## [Dataset excerpts]
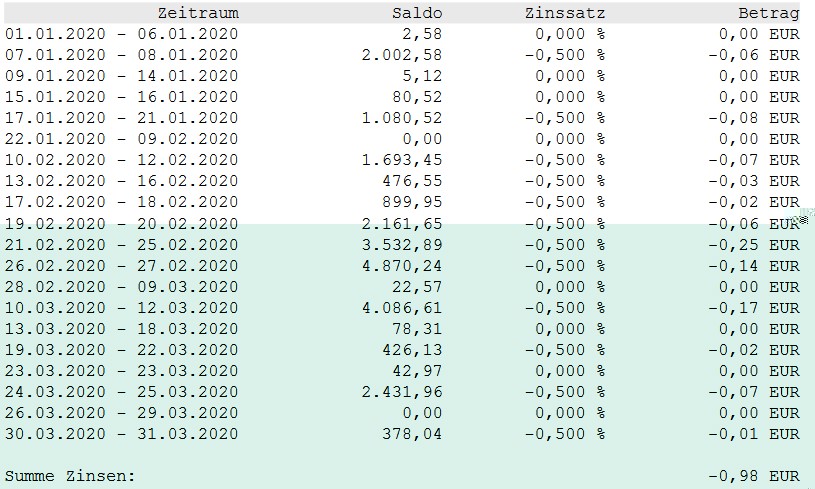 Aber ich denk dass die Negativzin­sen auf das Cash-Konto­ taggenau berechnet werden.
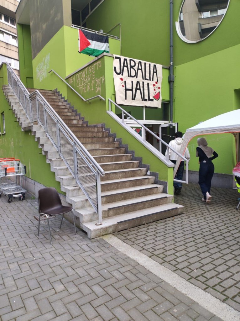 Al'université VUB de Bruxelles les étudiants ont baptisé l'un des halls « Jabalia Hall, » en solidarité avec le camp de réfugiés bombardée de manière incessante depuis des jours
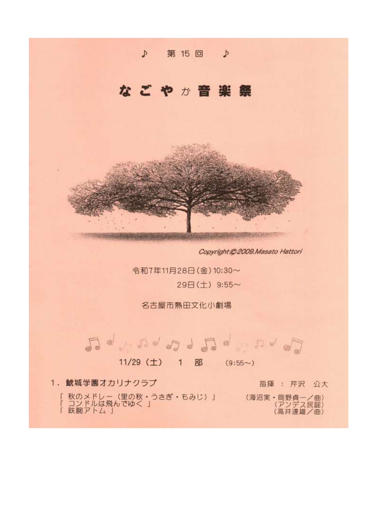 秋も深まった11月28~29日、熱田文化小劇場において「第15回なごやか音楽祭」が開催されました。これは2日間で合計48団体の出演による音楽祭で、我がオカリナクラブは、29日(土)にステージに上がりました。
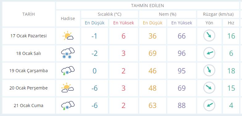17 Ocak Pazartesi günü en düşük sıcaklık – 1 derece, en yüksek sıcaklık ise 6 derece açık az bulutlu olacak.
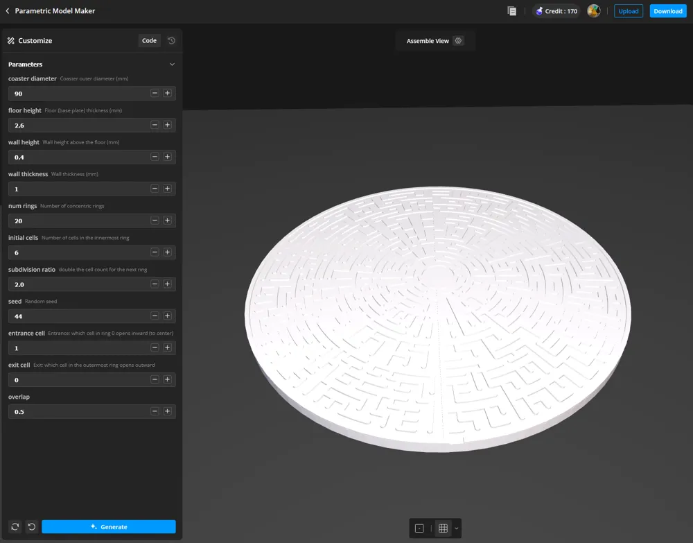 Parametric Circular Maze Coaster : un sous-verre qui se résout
--
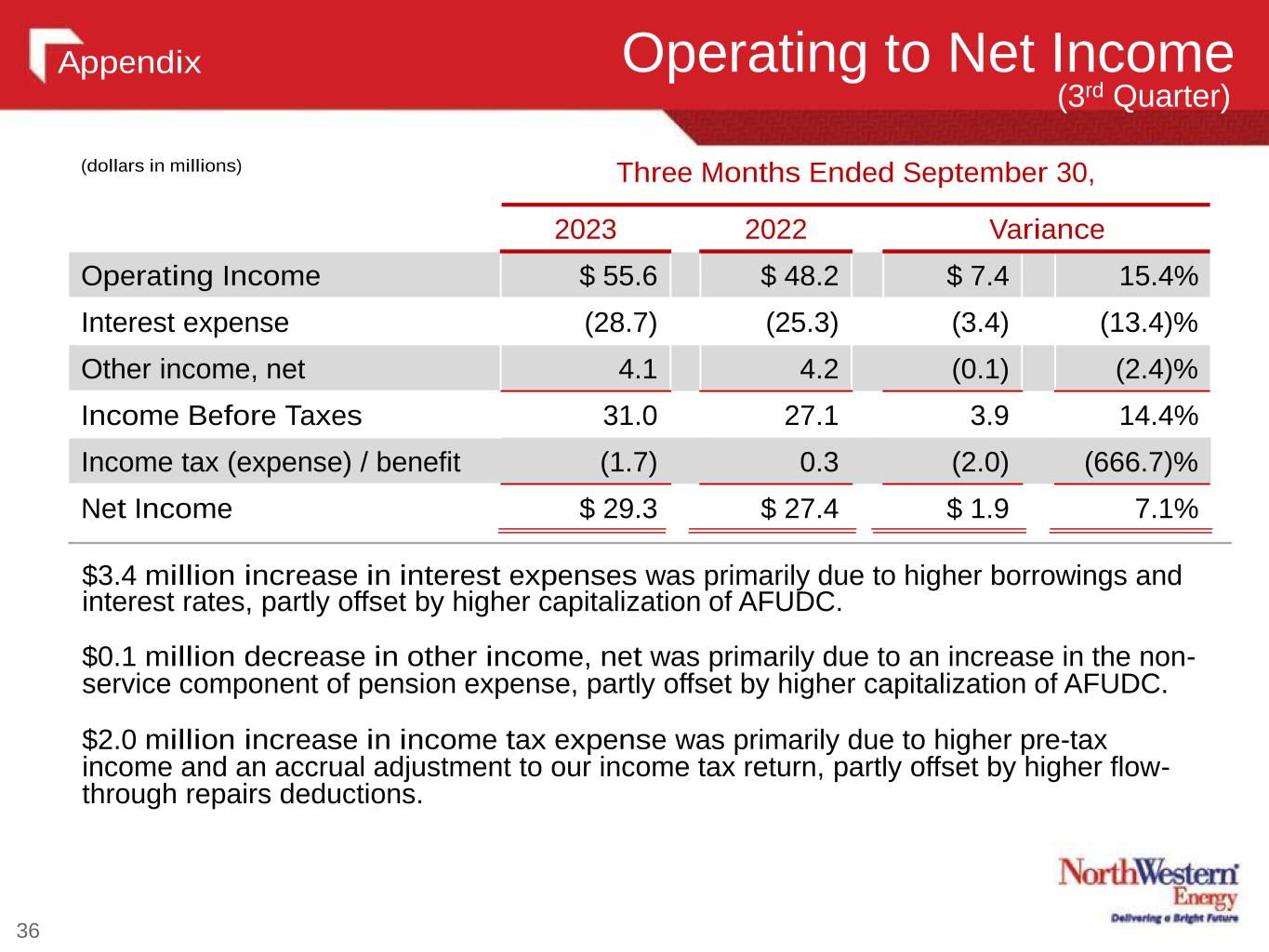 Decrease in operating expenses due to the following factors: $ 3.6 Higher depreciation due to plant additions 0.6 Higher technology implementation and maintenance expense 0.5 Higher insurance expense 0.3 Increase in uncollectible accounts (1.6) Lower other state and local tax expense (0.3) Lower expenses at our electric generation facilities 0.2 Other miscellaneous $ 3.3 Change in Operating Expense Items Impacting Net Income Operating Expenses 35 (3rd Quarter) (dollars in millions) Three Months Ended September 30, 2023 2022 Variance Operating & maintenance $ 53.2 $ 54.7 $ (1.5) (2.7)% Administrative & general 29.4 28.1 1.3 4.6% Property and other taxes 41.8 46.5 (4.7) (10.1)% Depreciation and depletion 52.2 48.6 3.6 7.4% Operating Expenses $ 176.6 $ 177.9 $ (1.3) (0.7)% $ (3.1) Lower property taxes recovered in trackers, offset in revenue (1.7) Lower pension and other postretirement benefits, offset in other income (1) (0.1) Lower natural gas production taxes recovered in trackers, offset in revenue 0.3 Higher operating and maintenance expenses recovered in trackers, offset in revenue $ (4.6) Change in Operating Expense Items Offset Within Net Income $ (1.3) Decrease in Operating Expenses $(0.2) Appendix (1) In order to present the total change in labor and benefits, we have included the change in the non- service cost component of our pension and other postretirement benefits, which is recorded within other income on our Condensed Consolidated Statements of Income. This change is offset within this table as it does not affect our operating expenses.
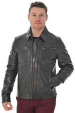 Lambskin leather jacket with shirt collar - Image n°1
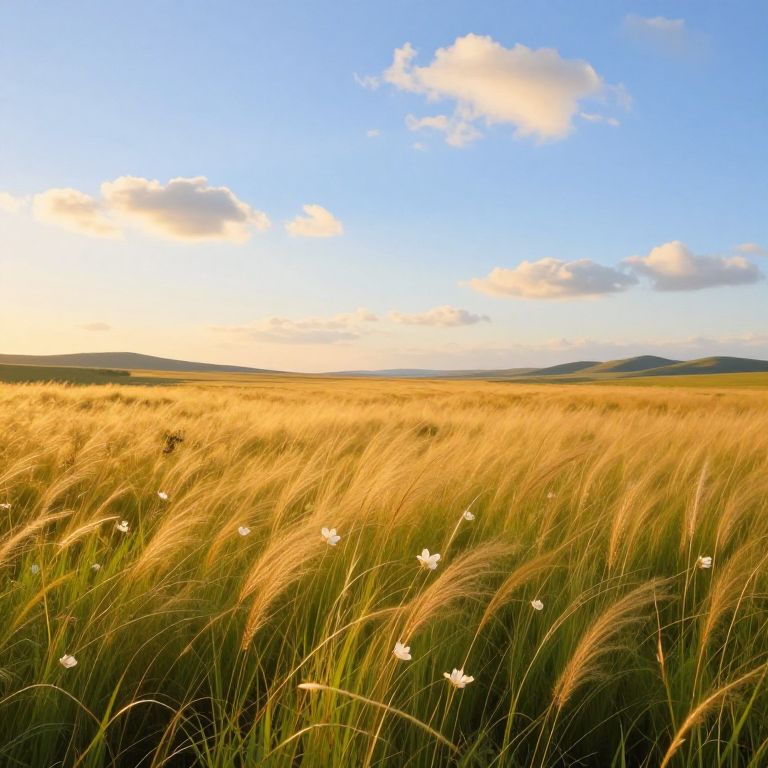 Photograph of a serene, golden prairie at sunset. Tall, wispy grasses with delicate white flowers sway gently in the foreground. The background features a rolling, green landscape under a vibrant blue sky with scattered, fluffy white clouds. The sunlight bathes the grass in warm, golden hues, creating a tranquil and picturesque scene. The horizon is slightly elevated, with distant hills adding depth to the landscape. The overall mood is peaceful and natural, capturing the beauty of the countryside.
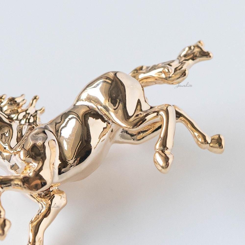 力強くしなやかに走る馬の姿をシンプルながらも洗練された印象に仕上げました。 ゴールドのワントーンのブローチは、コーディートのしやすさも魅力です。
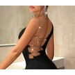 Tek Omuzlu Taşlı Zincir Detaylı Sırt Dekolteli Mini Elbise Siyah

## [About this task]
Copy the lines above exactly, starting at the one with "Photograph of a" and ending at the one with "Tek Omuzlu Taşlı", both included. Leave out any pictures and add nothing else.

## [Result of this exercise]
 Photograph of a serene, golden prairie at sunset. Tall, wispy grasses with delicate white flowers sway gently in the foreground. The background features a rolling, green landscape under a vibrant blue sky with scattered, fluffy white clouds. The sunlight bathes the grass in warm, golden hues, creating a tranquil and picturesque scene. The horizon is slightly elevated, with distant hills adding depth to the landscape. The overall mood is peaceful and natural, capturing the beauty of the countryside.
 力強くしなやかに走る馬の姿をシンプルながらも洗練された印象に仕上げました。 ゴールドのワントーンのブローチは、コーディートのしやすさも魅力です。
 Tek Omuzlu Taşlı Zincir Detaylı Sırt Dekolteli Mini Elbise Siyah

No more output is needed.